The snails made it out alive and I saved one cory cat, but I'm afraid it will die too, because it looked very lethargic this morning. 
Fish had no injuries, no spots, no faded color or rapid breathing and were swimming happily around the tank yesterday night.

Here are a few things that have changed over the past few months/days (I'm sorry if some of them seem ridiculous, but I'm grasping at straws right now):
- 3 weeks ago introduction of new Fluval external filter (but old filter is still installed and run side-by-side until new one is cycled)
- yesterday morning I noticed that my CO2 bubble count was a bit low, so I increased by a bit, but I have two air stones bubbling all night
- sudden change in pH due to increased CO2?
- 1 day ago I opened new jar of flake food (which was also fed to fish in other tanks, they live)
- Temperature change???? It was a bit of a chilly night and I had my heater set low because of recent hot days.

Any comments/ideas/constructive criticism is welcomed.


----------



## Brandonl87

Hey maybe completely wrong here and or seems stupid but the new filter you put on a few weeks ago what do you have in it? like Bio stars?

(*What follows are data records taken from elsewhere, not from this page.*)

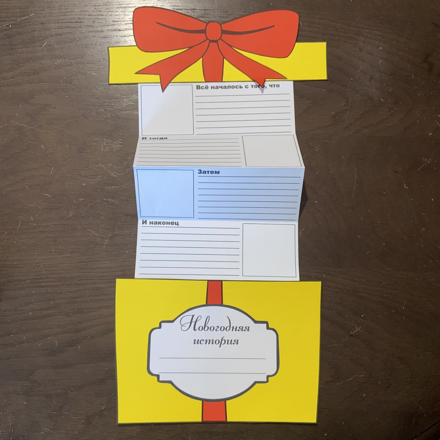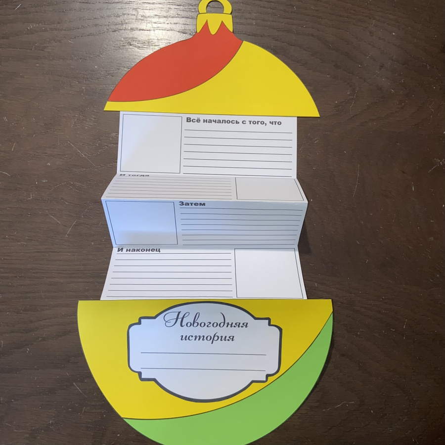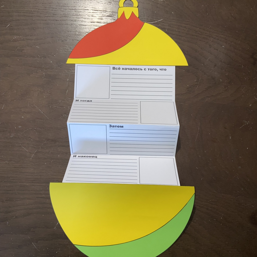 Дети любят создавать собственные истории и оформлять их в виде книжек. Книжка-гармошка с обложкой в виде новогодней ёлки, ёлочного шара или подарка – отличный способ мотивировать своих учеников написать собственную историю.
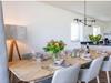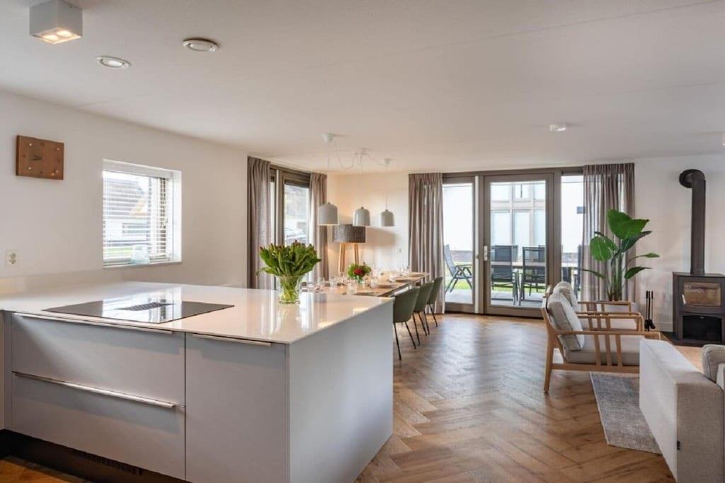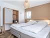 Du har udsigt til den rummelige terrasse, som er tilgængelig gennem de store glasdøre. Spiseområdet er forbundet med det rummelige åbne køkken med kogeø og moderne apparater. Soveværelset har en vask.
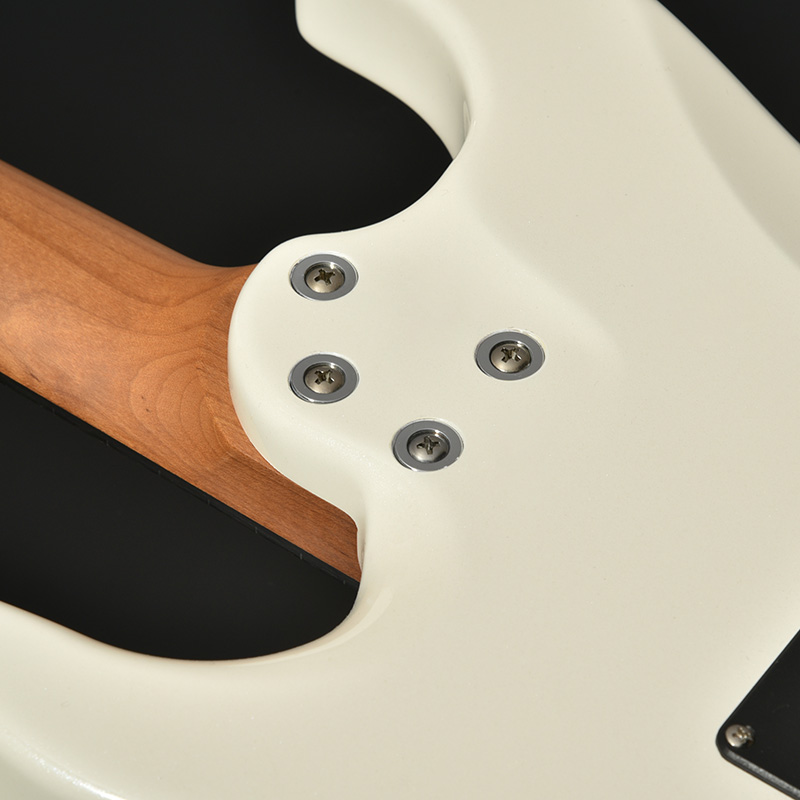 エントリークラスのモデルには珍しいヒールレスカットを採用することで、ハイフレットの演奏時もスムーズなフィンガリングを可能に。ブッシュボルト部分に施されたコンター加工がプレイアビリティを高めます。
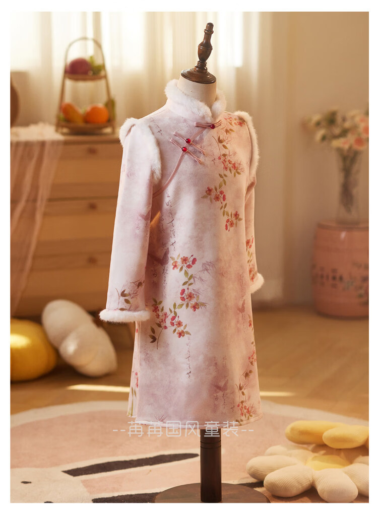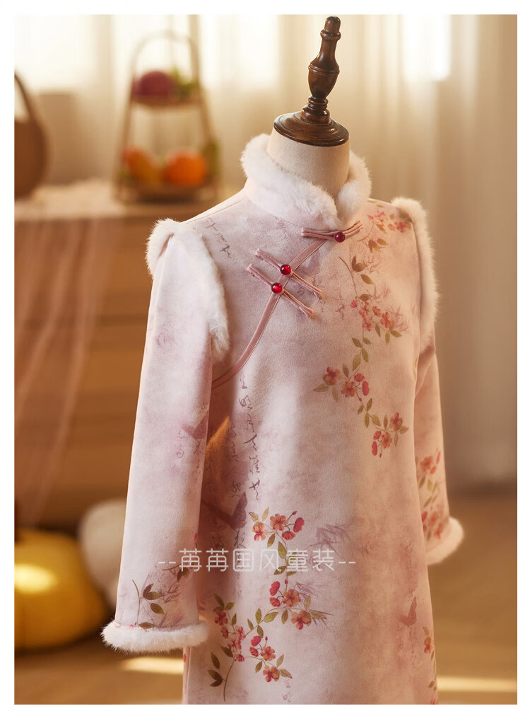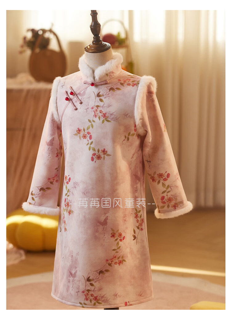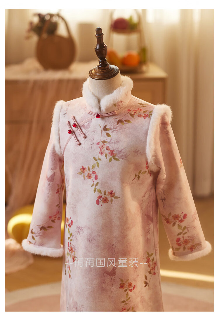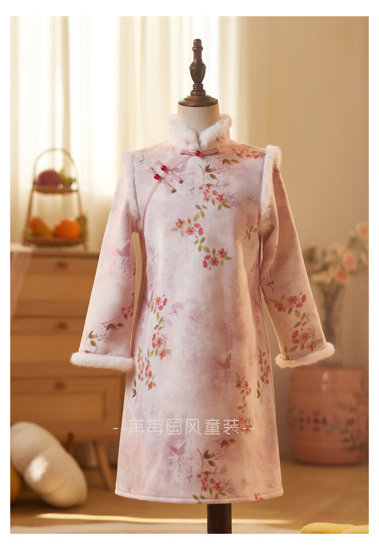 Disney pink girls' cheongsam autumn and winter clothing children's New Year's greetings clothing long-sleeved thickened velvet princess dress performance clothing winter pink 110
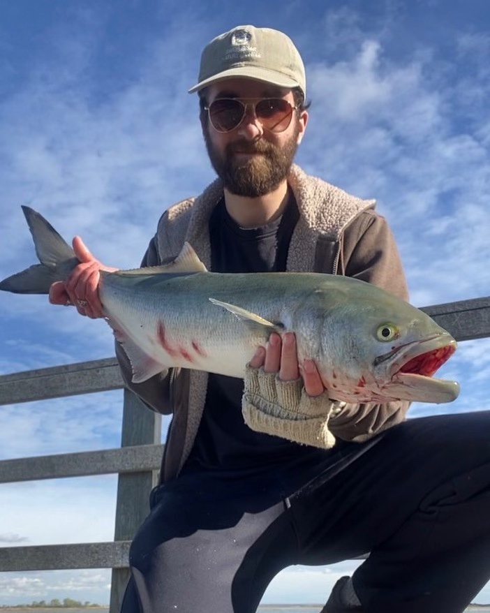 “Russell got out on the local pier and caught a nice gorilla bluefish the other day. He was soaking a bunker chunk in the morning. Kyle weighed in a 5.4 pound fluke he caught aboard one of the local party boats yesterday morning.”
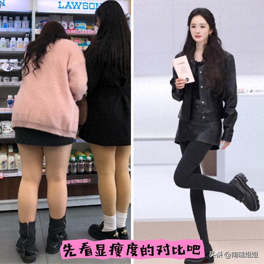 而且光腿神器它本身是屬於肉色的設計,所以在搭配起來的時候就很難呈現的,比較具有時髦感。在今年的冬季當中,不妨可以將你的光腿神器都換成時髦又顯腿細,而且它本身又很有個性的黑絲。不管是色系還是它的穿搭效果,其實都是能夠讓我們的腿型狀態變得更加纖細,以及整體的穿搭走向都更加顯時髦的,看以上這一組對比圖就襯托的非常明顯。

Chem zorb bags?. I know you have to fully wash those "bags" out if not could kill the fish maybe?. Just shooting out ideas is all


----------



## fish monger

Any kind of chemicals sprayed in the general area ?


----------



## Pearl2011

Hmmm, nitrates are a bit high, but that seems to be the only problem. Do you know how much the temp changed?


----------



## SnailM

Thank you all for sharing your thoughts!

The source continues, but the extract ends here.